Enhance promoter strength prediction accuracy. Because our experimental data is so limited, the weight of the spacer length and the motif similarity is roughly determined, which lead to a weak correlation between the promoter strength. In the future we hope to obtain more experimental data with regard to the effect of spacer length and motif similarity having on promoter strength so we can revise the weight coefficients of the two factors and get more reliable results.

The next version of this part of our program will be able to analyze not only the promoters of E. coli, but other species such as Bacillus subtilis, we'll integrate the transcription factor binding site data of more species into our database and use PWM algorithm to predict the TFBS in the promoters.


References

[1] Wösten, M., Eubacterial sigma‐factors. FEMS microbiology reviews 1998, 22 (3), 127-150.
[2] Shultzaberger, R. K.; Chen, Z.; Lewis, K. A.; Schneider, T. D., Anatomy of E. coli σ70 promoters. Nucleic acids research 2007, 35 (3),771-788.
[3] Paget, M.; Helmann, J. D., The sigma70 family of sigma factors. Genome Biol 2003, 4 (1),203.
[4] Jensen, S. T.; Liu, X. S.; Zhou, Q.; Liu, J. S., Computational discovery of gene regulatory binding motifs: a Bayesian perspective. Statistical Science 2004, 19 (1), 188-204.
[5] Kämpke, T.; Kieninger, M.; Mecklenburg, M., Efficient primer design algorithms. Bioinformatics 2001, 17 (3),214-225.
[6] (a) Rhodius, V. A.; Mutalik, V. K., Predicting strength and function for promoters of the E. coli alternative sigma factor, σE. Proceedings of the National Academy of Sciences 2010, 107 (7), 2854-2859; (b) Mulligan, M. E.; Brosius, J.; McClure, W. R., Characterization in vitro of the effect of spacer length on the activity of E. coli RNA polymerase at the TAC promoter.

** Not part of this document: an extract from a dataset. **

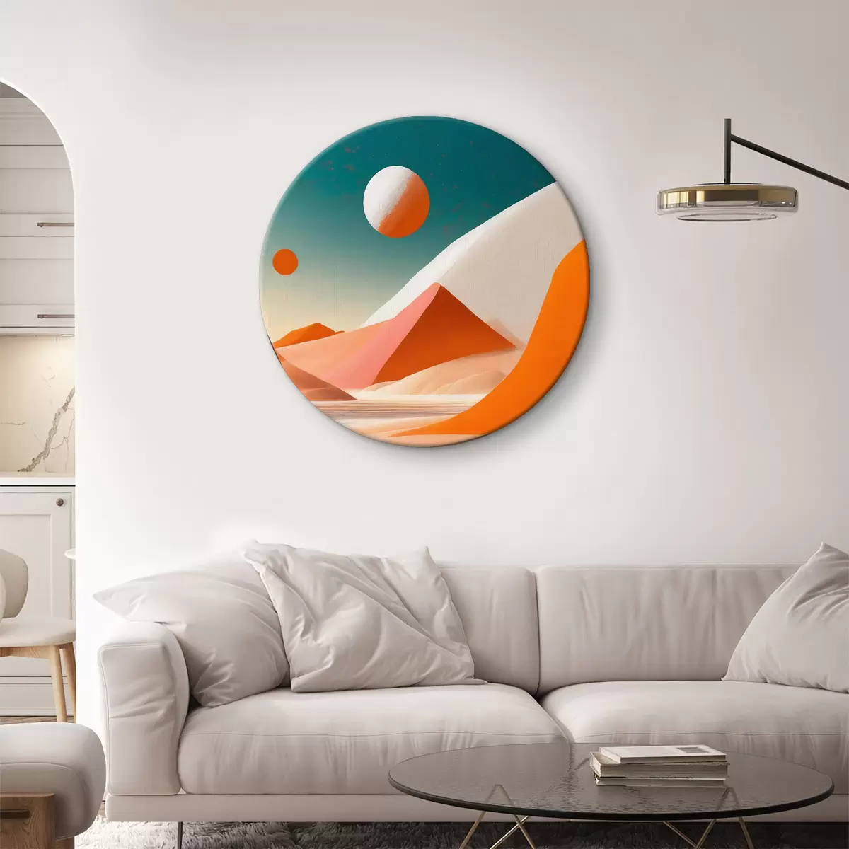 Runde Wandbilder Wüstenlandschaft mit Sandhügeln und einer Wasserfläche Nr r37367

Journal of Biological Chemistry 1985, 260 (6), 3529-3538; (c) Qureshi, S. A.; Jackson, S. P., sequences-Specific DNA Binding by the S. shibatae TFIIB Homolog, TFB, and Its Effect on Promoter Strength. Molecular cell 1998, 1 (3), 389-400.
[7] Kel, A. E.; Gößling, E.; Reuter, I.; Cheremushkin, E.; Kel-Margoulis, O. V.; Wingender, E., MATCHTM: a tool for searching transcription factor binding sites in DNA sequencess. Nucleic acids research 2003, 31 (13), 3576-3579.
[8] Deuschle, U.; Kammerer, W.; Gentz, R.; Bujard, H., Promoters of E. coli: a hierarchy of in vivo strength indicates alternate structures. The EMBO journal 1986, 5 (11), 2987.








RBS-decoder


Abstract

The efficiency of translation in bacteria is greatly influenced by the binding affinity between the ribosome and RBS, which can be measured by RBS strength. Experimental work to determine a RBS sequences can be awfully laborious while our software program can solve this problem easily. RBS-decoder is a software tool for evaluating RBS strength and locating SD sequences. This program uses the same method—PWM to calculate the similarity between the RBS sequences and the position frequency matrix of SD sequences and transform the similarity to the relative strength of a RBS sequences.


Background

Translational efficiency in Escherichia coli is generally determined at the stage of initiation. There are several principal mRNA sequences elements which can affect the kinetics of ternary initiation complex formation (30 S-mRNA-fMet-tRNA): SD sequences and the start codon (ATG). The SD sequences base-pairs with a RNA molecule that forms part of the bacterial ribosome (the 16s rRNA), while the start codon base-pairs with the initiator tRNA which is bound to the ribosome. In addition the SD sequences and the start codon being important, the spacer between them also influences the RBS strength, these two sequencess need to be positioned approximately 6-7 nucleotides apart so they can both make contact with the appropriate parts of the ribosome complex1.


Introduction

How do baterial Ribosome Binding Sites work?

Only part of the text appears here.